[[ Supplied records open ]]
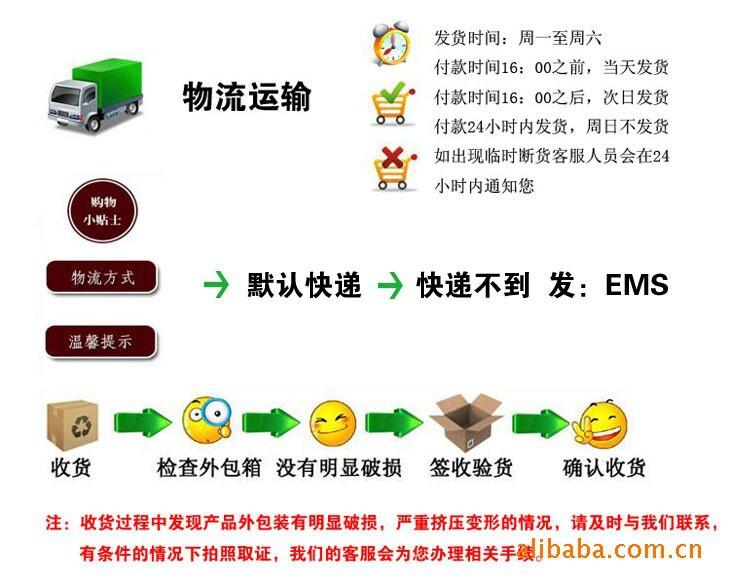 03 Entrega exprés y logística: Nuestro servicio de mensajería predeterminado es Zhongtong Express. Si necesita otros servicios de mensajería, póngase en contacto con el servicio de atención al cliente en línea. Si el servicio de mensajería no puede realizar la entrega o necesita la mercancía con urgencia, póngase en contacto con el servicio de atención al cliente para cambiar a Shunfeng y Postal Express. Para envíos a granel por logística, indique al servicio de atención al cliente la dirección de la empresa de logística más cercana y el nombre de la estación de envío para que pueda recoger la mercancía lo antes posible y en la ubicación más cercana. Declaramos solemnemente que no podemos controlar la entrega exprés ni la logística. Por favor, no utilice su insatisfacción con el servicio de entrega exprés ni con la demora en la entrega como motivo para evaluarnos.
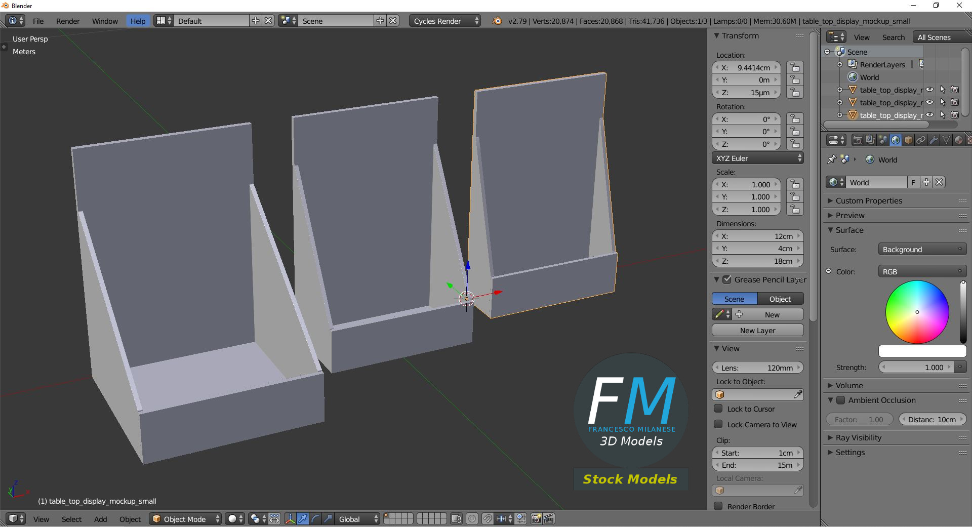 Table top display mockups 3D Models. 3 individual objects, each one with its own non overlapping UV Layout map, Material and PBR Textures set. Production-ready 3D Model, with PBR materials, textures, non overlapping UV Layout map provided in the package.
[[ Supplied records closed ]]
[[ Supplied records open ]]
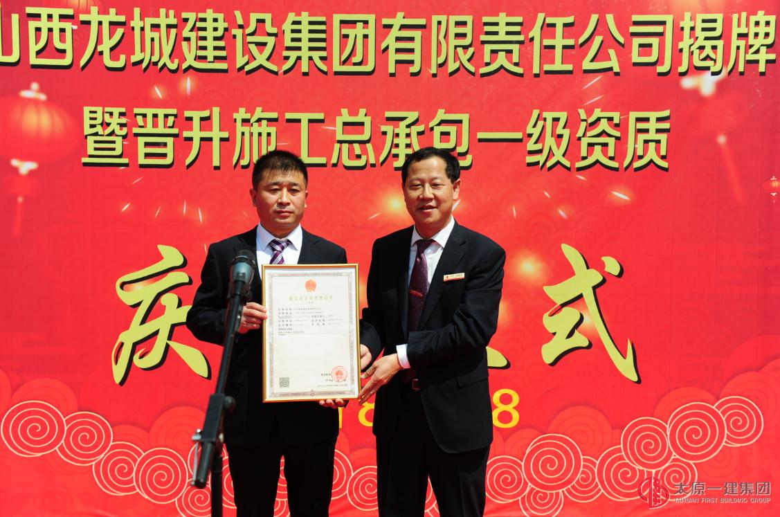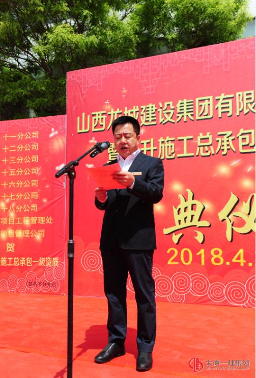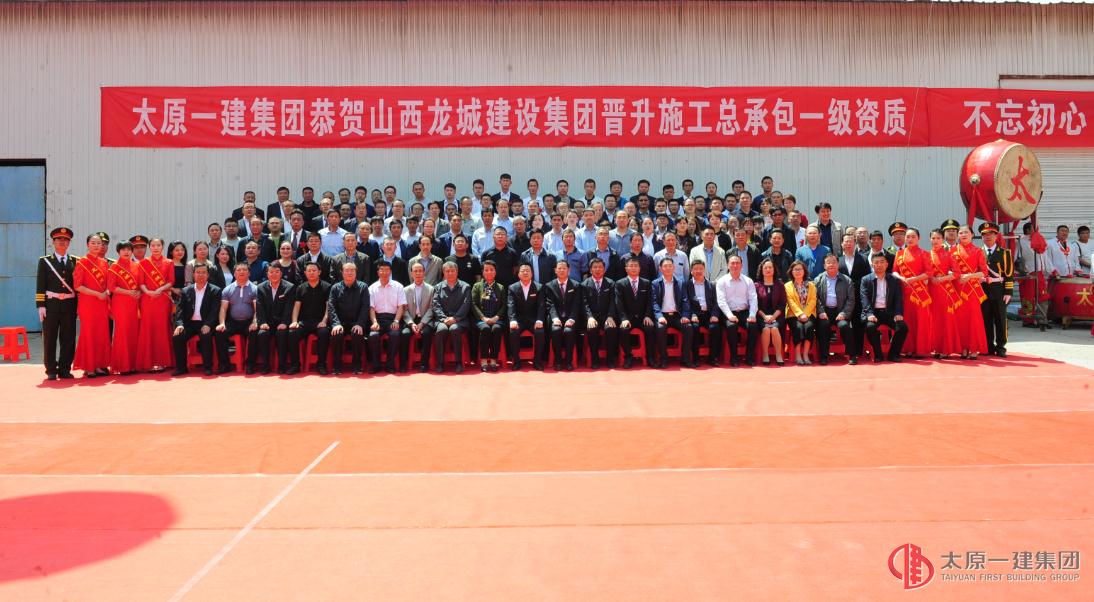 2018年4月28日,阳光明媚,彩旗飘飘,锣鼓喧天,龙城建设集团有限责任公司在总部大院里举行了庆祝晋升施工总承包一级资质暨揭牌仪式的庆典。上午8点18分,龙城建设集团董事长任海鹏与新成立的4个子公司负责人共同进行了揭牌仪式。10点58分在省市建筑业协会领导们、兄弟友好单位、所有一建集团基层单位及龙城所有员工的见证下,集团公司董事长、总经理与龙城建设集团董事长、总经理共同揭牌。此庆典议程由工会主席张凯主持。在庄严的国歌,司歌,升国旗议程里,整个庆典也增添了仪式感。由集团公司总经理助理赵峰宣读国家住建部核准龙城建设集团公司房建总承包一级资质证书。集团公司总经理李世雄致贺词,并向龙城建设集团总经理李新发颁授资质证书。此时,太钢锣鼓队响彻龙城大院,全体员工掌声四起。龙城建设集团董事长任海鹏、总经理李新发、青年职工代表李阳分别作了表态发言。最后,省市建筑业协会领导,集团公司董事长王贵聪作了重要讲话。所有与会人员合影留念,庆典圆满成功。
[[ Supplied records closed ]]
**Goal of the exercise**
What you return from the records above should be exactly everything from the line with "03 Entrega exprés" down to the line with "Table top display", both kept, and no pictures.

**Solution to the exercise**
 03 Entrega exprés y logística: Nuestro servicio de mensajería predeterminado es Zhongtong Express. Si necesita otros servicios de mensajería, póngase en contacto con el servicio de atención al cliente en línea. Si el servicio de mensajería no puede realizar la entrega o necesita la mercancía con urgencia, póngase en contacto con el servicio de atención al cliente para cambiar a Shunfeng y Postal Express. Para envíos a granel por logística, indique al servicio de atención al cliente la dirección de la empresa de logística más cercana y el nombre de la estación de envío para que pueda recoger la mercancía lo antes posible y en la ubicación más cercana. Declaramos solemnemente que no podemos controlar la entrega exprés ni la logística. Por favor, no utilice su insatisfacción con el servicio de entrega exprés ni con la demora en la entrega como motivo para evaluarnos.
 Table top display mockups 3D Models. 3 individual objects, each one with its own non overlapping UV Layout map, Material and PBR Textures set. Production-ready 3D Model, with PBR materials, textures, non overlapping UV Layout map provided in the package.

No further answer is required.